An Inauspicious Beginning

Tuesday was a research day. Jon and I walked down to the Berkeley Public Library, where I plopped down in the cookbook section and scoured the shelves for mentions of dumplings. Though briefly distracted by Martha Washington's Booke of Cookery, I determined she had no ye olde recipes for meat stuffs in dough, and confined myself only to those books most likely to help me in my quest. Emerging onto the hot, mime-with-accordion-filled street with three promising tomes, I was ready to kick-off this project with by sampling some professional fare.

Why, then, would I choose to drag Jon into the poorly named and dimly lit King Dong Restaurant? It had the look of death about it, as did the woman sitting behind me, but I was starving from the walk and reading about dumplings, and it was hot, and I just wanted to be sitting in front of a steaming plate of potstickers.

Steaming they were.
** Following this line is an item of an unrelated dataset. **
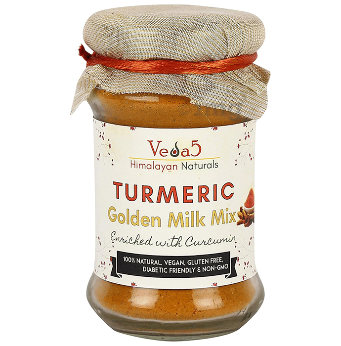 Veda5 Turmeric Golden Milk Mix PowderTurmeric is claimed to be one of the most potent and powerful spices used in Indian cooking, as well as a storehouse of healthy properties. Besides being used as a spice, it is also the primary base ingredient in the making of Haldi doodh or golden milk, a desi homemade energy drink and home remedy for almost all possible ailments.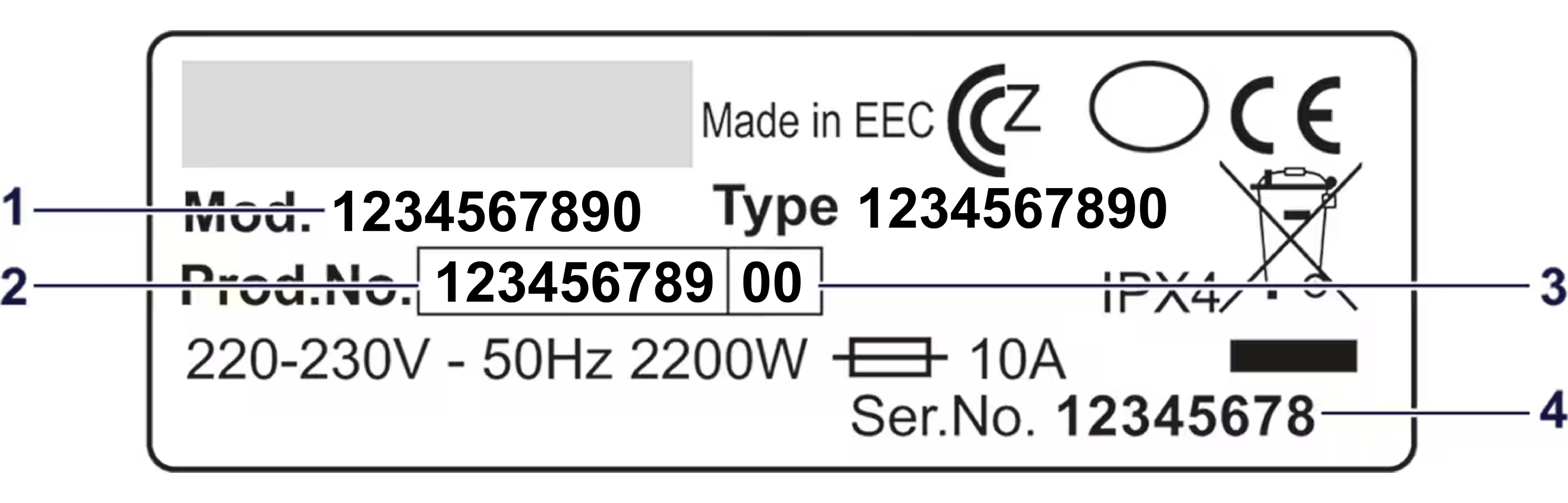 Код модели и номер продукта (PNC) находятся на наклейке с серийным номером устройства.

To King Dong's credit, the potstickers came out straight from the pan. A very greasy pan, it would seem, from the oil that clung to the thick, doughy exterior. This was all wrong. These so-called potstickers consisted of a small, dense lump of flavorless meat (pork?) surrounded by miles of gummy starch. In Jon's eyes, I could see the fear that I would be pressing similar packets of gastro-intestinal distress on him on a near-daily basis. At least, I reassured myself, my home attempts at dumplings could certainly get no worse than this.

1 comment:

Lola said...

I will try any dumpling you offer me. I wish I could accompany you on all your dumpling adventures!